Minoru warf dem Floh einen vernichtenden Blick zu. „Denkst du die Entscheidung eines Menschen hätte beeinflussen können, ob ich verweile oder nicht, wenn nicht einmal meine Eltern dazu in der Lage gewesen sind, mich Zuhause zu halten? Mach dich doch nicht lächerlich.“ Er knurrte. „Ich hätte ihren Vorschlag ablehnen sollen. Bis hierher hätte ich länger gebraucht, aber dann wäre ich nie in die Lage gekommen, sie verteidigen zu müssen.“
„Du kannst aber nicht mehr ändern, was schon passiert ist. Wärst du ohne sie auf diesen Fuchs getroffen, wäre auch dies sehr wahrscheinlich anders verlaufen. Aber das ist alles reine Spekulation. Sie hätte gehorchen müssen, allein schon um ihrer eigenen Sicherheit Willen und dafür wird auch sie sich rechtfertigen müssen, wohingegen du offensichtlich ungeschoren davonkommst.“
„So, dann nimmt er einen Menschen also ernster als seinesgleichen?“, fragte Minoru scharf. „Woher hat er dieses Menschending überhaupt?“
Myōga schaute ein wenig ungläubig drein und hielt einen Moment inne. Er hatte schon den richtigen Jungen aufgesucht, aber wo um alles in der Welt hatte der auf einmal seine Kommunikationsgrundlagen gefunden? Er fragte tatsächlich nach!
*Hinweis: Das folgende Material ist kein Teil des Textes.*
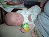 Description: More random photos as the boy grows larger. Our friend Alexandra Clement came to visit Donovan this week. He also had an unattractive but apparently non-annoying rash, which was probably a combination of baby acne and heat rash.

„Rin begleitet ihn bereits seitdem sie sehr klein war“, antwortete der Alte bereitwillig. „Sie war ein Waisenmädchen, das von den Wölfen – Kōgas Wölfen – getötet wurde, als diese noch marodierend durch die Lande zogen. Sesshōmaru-sama hat sie mit Tenseiga, seinem Schwert, das er einst von seinem Vater ererbt hat, dem Tod entrissen. Seither folgt sie ihm und ist sein Mündel.“
Minoru hatte Mühe, einen irritierten Ausdruck zu unterbinden. Ein Schwert, das die Toten wieder ins Leben rufen konnte machte seinen Besitzer zum wahrscheinlich mächtigsten Mann der Welt. Verlorene Truppen wiederbeleben und seine Reihen erneut aufstocken, niemals den Tod fürchten! War er deswegen so kommentarlos gegangen? Weil er Rin ohnehin hätte retten können und er selbst nie in Gefahr war? Wenn ja, hätte Rin das ruhig einmal während ihres fortwährend sinnlosen Geplappers erwähnen können. Dann hätte er sich die Mühen, sie heil abzuliefern, getrost ersparen können.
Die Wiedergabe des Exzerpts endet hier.